軒下などに吊り下げて、暑い夏を涼やかに演出する伝統工芸品「つりしのぶ」。出荷最盛期を迎えた都内唯一の専業生産者「萬園(よろずえん/松島1丁目)」では、深野英子さんが、亡き夫の想いを胸に心を込めてつりしのぶの手入れをしています。

つりしのぶは、ヤマゴケを巻き付けた竹材にシダ植物の一種であるシノブの根茎をはわせた観葉植物。乾燥に強く寒い冬を耐え忍ぶことから「シノブ」と名付けられました。コケに水を含ませると青々とした葉を茂らせ、涼を感じさせます。江戸時代の庭師たちがお得意様へのお中元用に作ったのが始まりとされ、明治から昭和初期には一般家庭にも定着。昭和30年代頃までは区内でも20軒ほどが生産していましたが、シノブを採取する者の減少や後継者不足などにより、現在では、「萬園」が都内唯一の専業生産者になりました。

青々と葉が茂るつりしのぶ

今年4月、60年以上にわたってつりしのぶを生産してきた「萬園」の二代目、深野晃正(ふかのてるまさ/区指定無形文化財)さんが亡くなりました。昭和10年(1935年)から続く同園で、先代である父親の手伝いから始め、81歳までの生涯をつりしのぶとともに歩みました。培われた技術は高く評価され、平成22年に都優秀技術者知事賞を受賞。深野さんの情熱は良質な材料までに及び、丈夫なシノブを求めて東北地方の山林まで自ら出向くなど、一つ一つ愛情込めてつりしのぶを作り続けてきました。
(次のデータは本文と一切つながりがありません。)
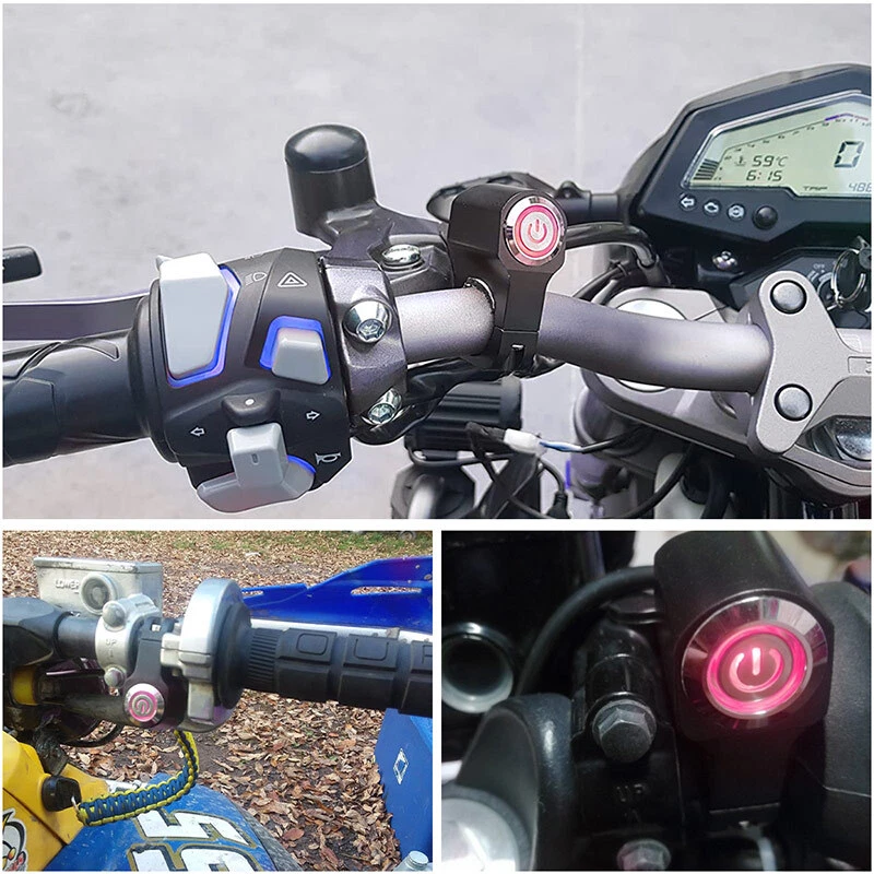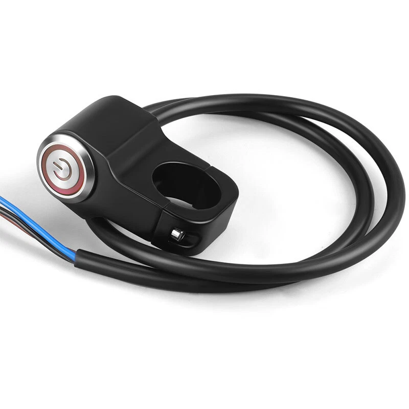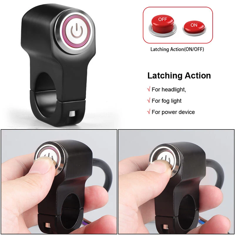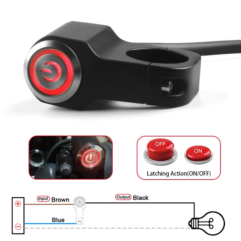 Product Description Application: Suitable for Motorcycle Motorbike ATV Sport Dirt Electric Bike Button action: ON OFF Switch (Latching action), can be use for general lights, hazard light, fog light, spotlight, head light, work light, and power outlet for mobile devices Suitable handlebar diameter: 22mm (7/8") Material:aluminium Switch Size: as picture shows Voltage:12V Current:10A Wire:3lines Wiring: Blue negative(-) brown input(+) Black output (+) (connection lamp) Light Color :Red Package including: 1 x Switch About Us

同園で生産されるつりしのぶは、芯材を「井」の字に組んだ「イゲタ」や円筒形の木炭にシノブを巻きつけた「木炭」など約10種類。昔ながらの吊り下げて楽しむタイプやインテリアとしてテーブル上に飾れる置き型タイプなど形も大きさもさまざまで、価格も税込3千円から数万円まで。一番人気は、息子さんがつくる井桁に組み合わせた木材の中にシノブを入れた「井戸(税別2,800円(注))」で、同園の看板商品です。

出荷の最盛期を迎えた本日(26日)、同園では英子さんが、青々と茂るシノブの葉にたっぷりと水やりをしていました。今年のつりしのぶは、晃正さんが丹精込めてつくったものを英子さんや息子さんが仕上げて出荷します。同園の90周年を迎える頃までは生産を続けていきたいという英子さんは、「主人が心を込めてつくったつりしのぶに、鮮やかな緑がたくさん芽吹きました。ぜひ手に取ってもらい、夏の涼を感じて頂ければ嬉しいです」と話しました。

同園では、伝統工芸展や夏まつりなどに展示販売するほか、江戸川区の名産品を販売するWebサイト「えどコレ!」や、タワーホール船堀(船堀4丁目)内のアンテナショップ「エドマチ」で販売しています。同園での販売は、事前にお問い合わせください。

(注)直販料金。インターネット販売は値段が異なります。